WASHINGTON — President Trump has signaled that he is moving toward peace with China in a trade standoff that has rattled markets and businesses globally. But as he backs off his threat to impose higher tariffs, the president’s relationship with his own trade negotiator is now showing signs of strain.

The situation has left Mr. Trump’s trade representative, Robert Lighthizer, who is both an ardent supporter of the president and a longtime China critic, in an uncomfortable bind. While broad tariffs on Chinese imports brought Beijing to the negotiating table, Mr. Trump has grown impatient with the talks, and a consensus is growing in Washington that Mr. Trump will ultimately accept a weak deal.
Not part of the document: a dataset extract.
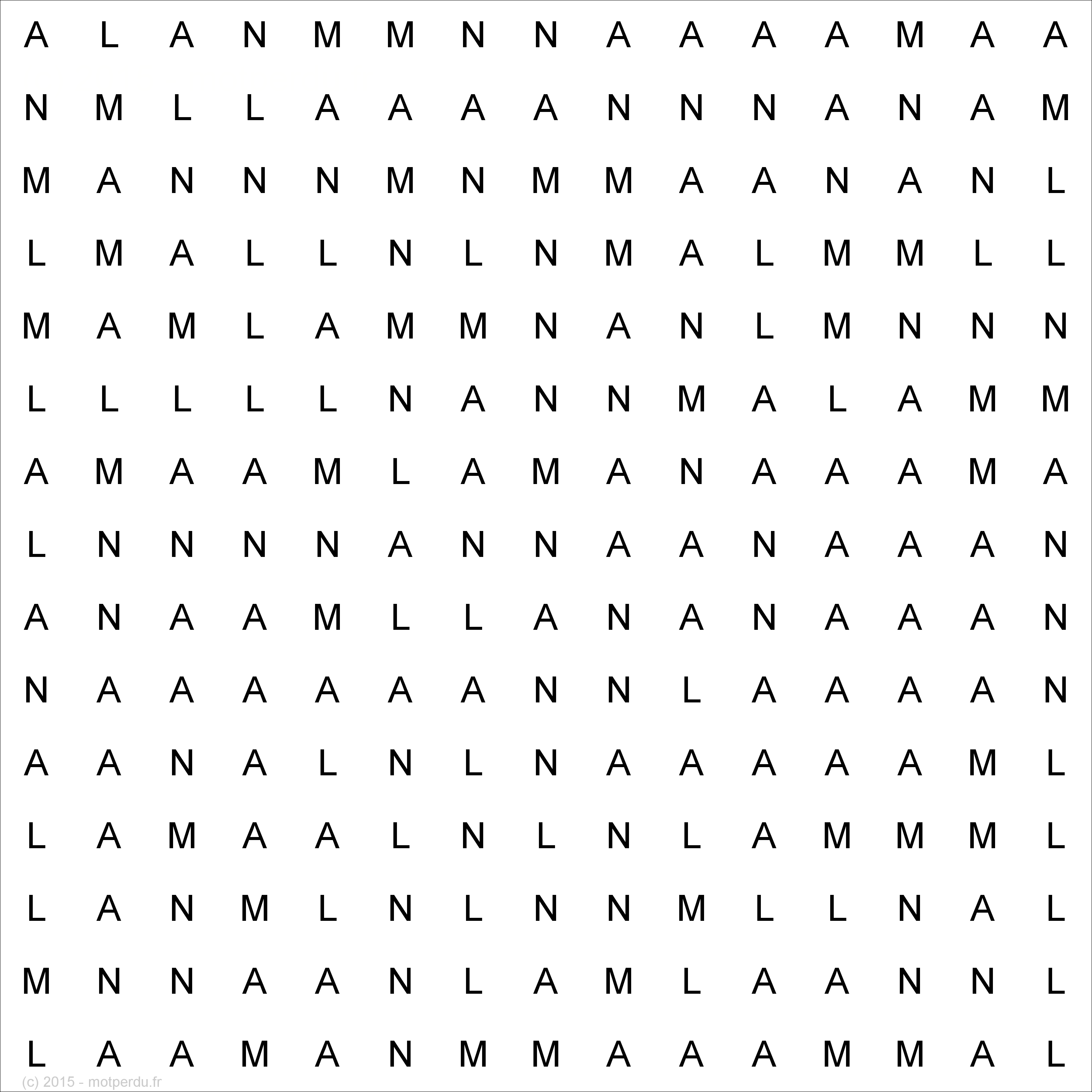 La grille ci-dessous contient une et une seule fois le mot MANAL. A vous de jouer !

And despite the lack of a transformative arrangement he once promised, the president has begun dangling the idea of a “signing summit” with President Xi Jinping of China at Mar-a-Lago, Mr. Trump’s Florida resort. As a result, the president is undermining Mr. Lighthizer as he tries to pressure China to make big concessions.

“Trump is certainly doing his negotiating team no favors by undercutting them in public,” said Eswar Prasad, a trade expert and the former head of the China division of the International Monetary Fund. The president’s actions, he said, “weakens rather than fortifies Lighthizer’s leverage.””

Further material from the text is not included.